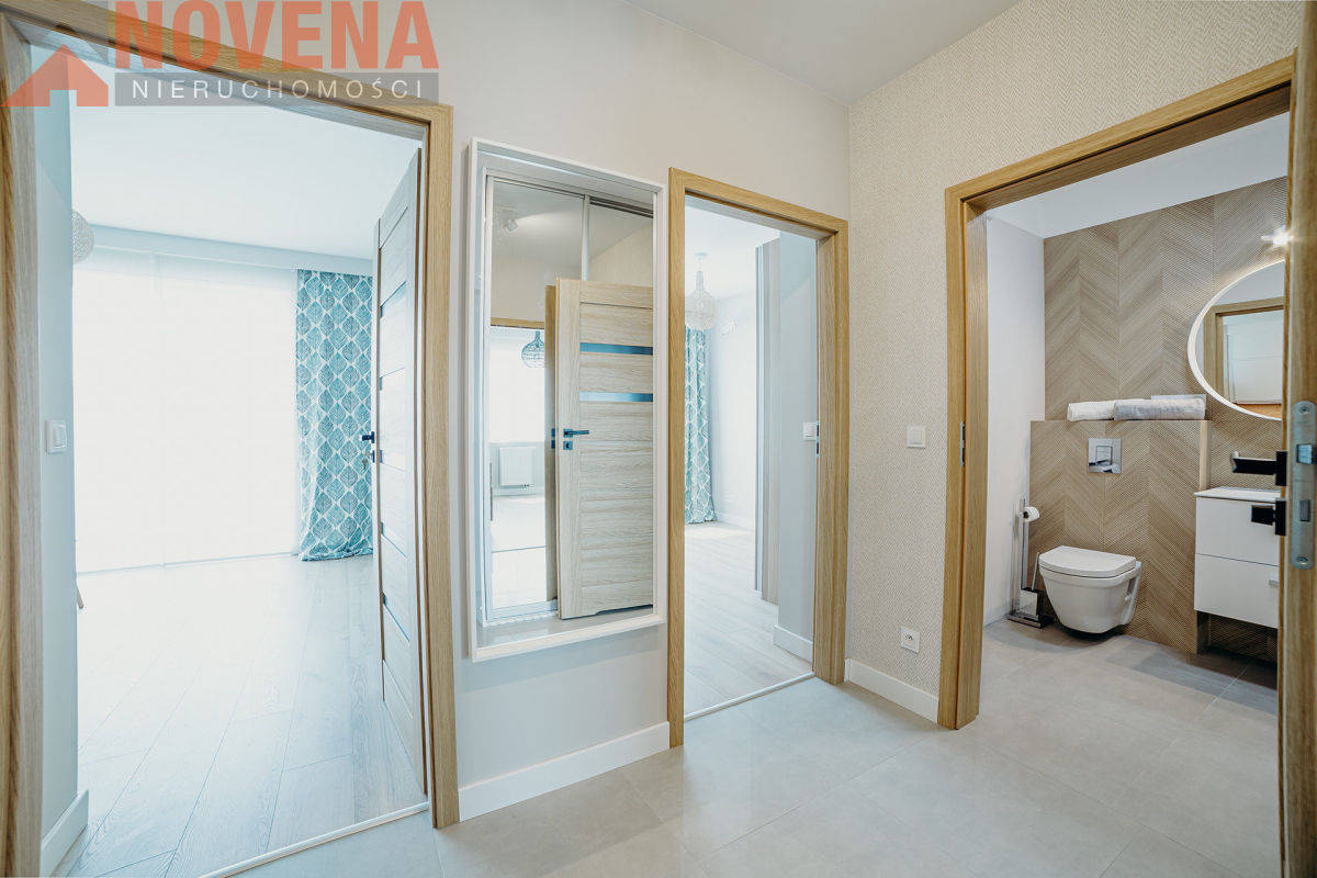 Do wynajęcia piękne, nowe mieszkanie z balkonem i garażem podziemnym.
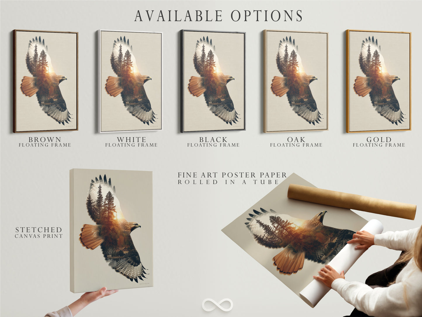 Eagle Forest Art Print - Double Exposure Wildlife Wall Art, Nature Canvas Print for Office Wall Decor
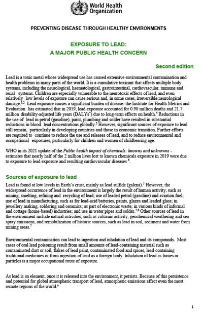 Exposure to lead: a major public health concern- 2nd Edition; 2021 (sólo en inglés)
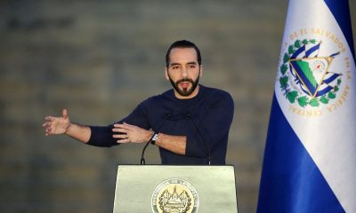 © Reuters. FILE PHOTO: El Salvador’s President Nayib Bukele speaks during the inauguration of the Vijosa pharmaceutical plant in Santa Tecla, El Salvador November 20, 2023....
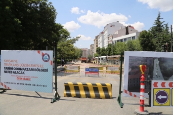 “1. Etap Yol ve Tretuvar Düzenleme Çalışmaları”nın ilk etabı kapsamında Alaaddin Parkı çevresi trafiğe kapatıldı. Bölgeye uyarı levhaları ve bilgilendirici afişler yerleştirilirken, ekipler kaldırım, refüj ve kavşak noktasındaki çalılar ile çeşitli bitkilerin sökümünü gerçekleştiriyor. Otobüs duraklarının Alaaddin Parkı üst tarafına taşındığı alanda ekiplerin yoğun çalışması aralıksız devam edecek.
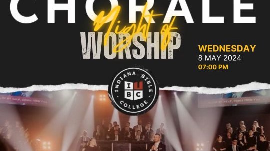 Join us on Wednesday, May 8th at 7pm for a night of worship with Indiana Bible College Chorale. We are looking forward to an amazing time together.
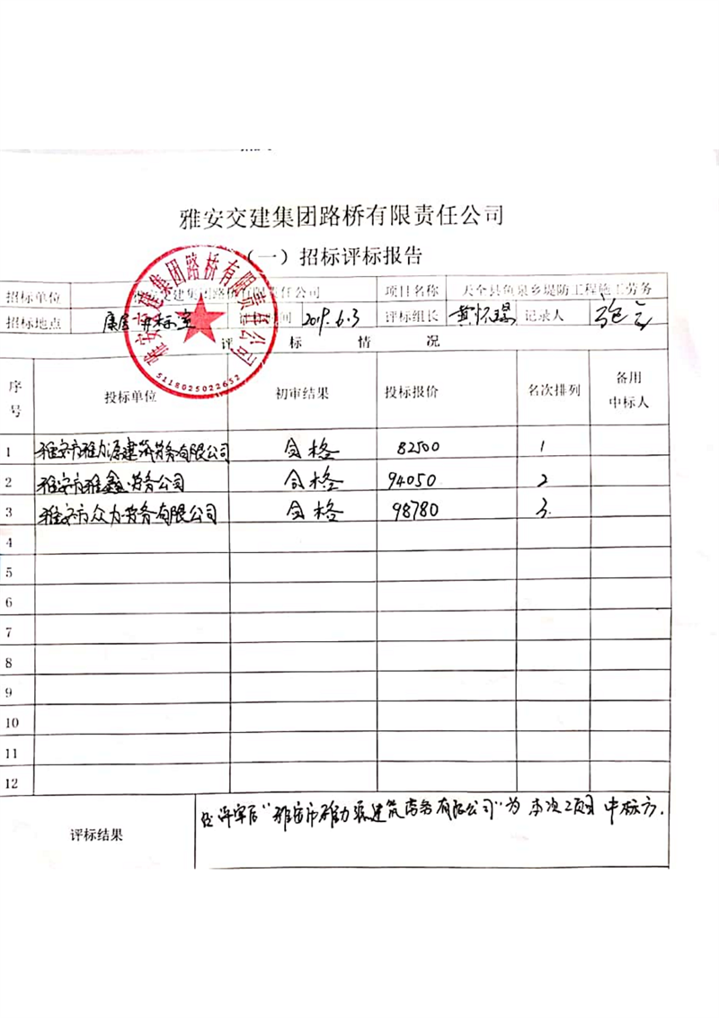 雅安交建集團(tuán)路橋有限責(zé)任公司天全縣魚泉鄉(xiāng)堤防工程施工勞務(wù)項(xiàng)目邀請(qǐng)招標(biāo)結(jié)果公示
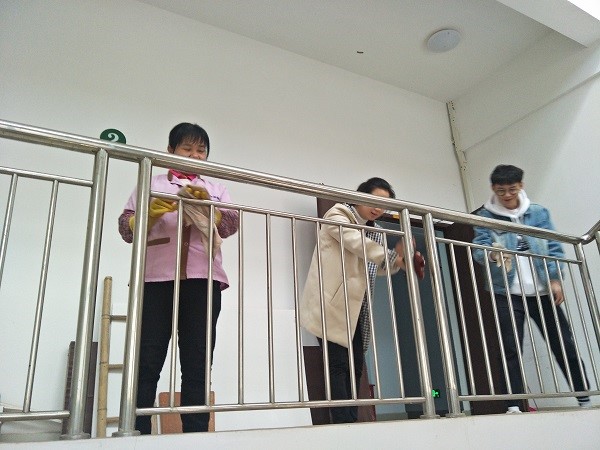 本次活动旨在培养党员志愿服务精神,切身体会保洁阿姨工作的不易。本次活动安排为擦拭活动中心楼梯围栏、玻璃及桌椅。全体在校党员按照提前分配的任务带好清洁工具,在保洁阿姨的带领下,开始认真的擦玻璃、擦围栏、擦桌椅,整个活动过程井然有序。活动期间,保洁阿姨也一起参与到活动当中,认真指导我们如何打扫卫生,提醒我们容易忽视的角落。最后,本次活动在保洁阿姨的感谢中圆满结束,
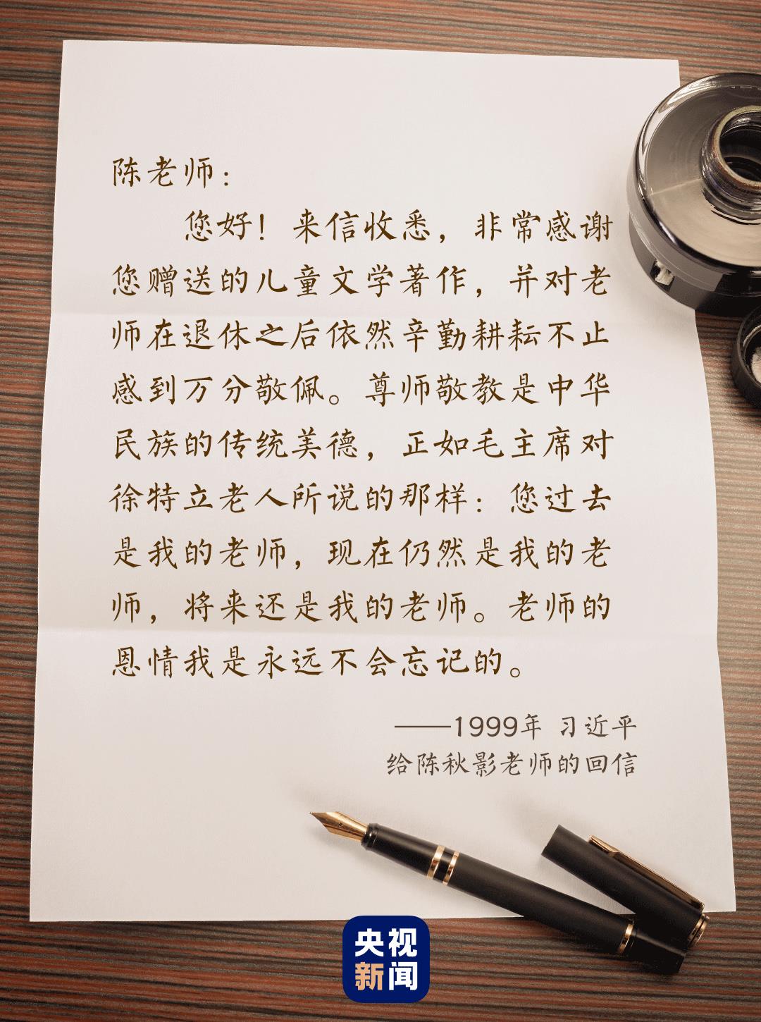 尺素寸心,情意拳拳。陳秋影說,在她看來,習(xí)近平在回信中使用的“尊師敬教”這個(gè)詞,一個(gè)“敬”字道出了學(xué)生對(duì)老師的情誼。
..........
* **What is expected**:
Take the data above and set it down exactly, images excluded.

* **Exercise answer**:
 Do wynajęcia piękne, nowe mieszkanie z balkonem i garażem podziemnym.
 Eagle Forest Art Print - Double Exposure Wildlife Wall Art, Nature Canvas Print for Office Wall Decor
 Exposure to lead: a major public health concern- 2nd Edition; 2021 (sólo en inglés)
 © Reuters. FILE PHOTO: El Salvador’s President Nayib Bukele speaks during the inauguration of the Vijosa pharmaceutical plant in Santa Tecla, El Salvador November 20, 2023....
 “1. Etap Yol ve Tretuvar Düzenleme Çalışmaları”nın ilk etabı kapsamında Alaaddin Parkı çevresi trafiğe kapatıldı. Bölgeye uyarı levhaları ve bilgilendirici afişler yerleştirilirken, ekipler kaldırım, refüj ve kavşak noktasındaki çalılar ile çeşitli bitkilerin sökümünü gerçekleştiriyor. Otobüs duraklarının Alaaddin Parkı üst tarafına taşındığı alanda ekiplerin yoğun çalışması aralıksız devam edecek.
 Join us on Wednesday, May 8th at 7pm for a night of worship with Indiana Bible College Chorale. We are looking forward to an amazing time together.
 雅安交建集團(tuán)路橋有限責(zé)任公司天全縣魚泉鄉(xiāng)堤防工程施工勞務(wù)項(xiàng)目邀請(qǐng)招標(biāo)結(jié)果公示
 本次活动旨在培养党员志愿服务精神,切身体会保洁阿姨工作的不易。本次活动安排为擦拭活动中心楼梯围栏、玻璃及桌椅。全体在校党员按照提前分配的任务带好清洁工具,在保洁阿姨的带领下,开始认真的擦玻璃、擦围栏、擦桌椅,整个活动过程井然有序。活动期间,保洁阿姨也一起参与到活动当中,认真指导我们如何打扫卫生,提醒我们容易忽视的角落。最后,本次活动在保洁阿姨的感谢中圆满结束,
 尺素寸心,情意拳拳。陳秋影說,在她看來,習(xí)近平在回信中使用的“尊師敬教”這個(gè)詞,一個(gè)“敬”字道出了學(xué)生對(duì)老師的情誼。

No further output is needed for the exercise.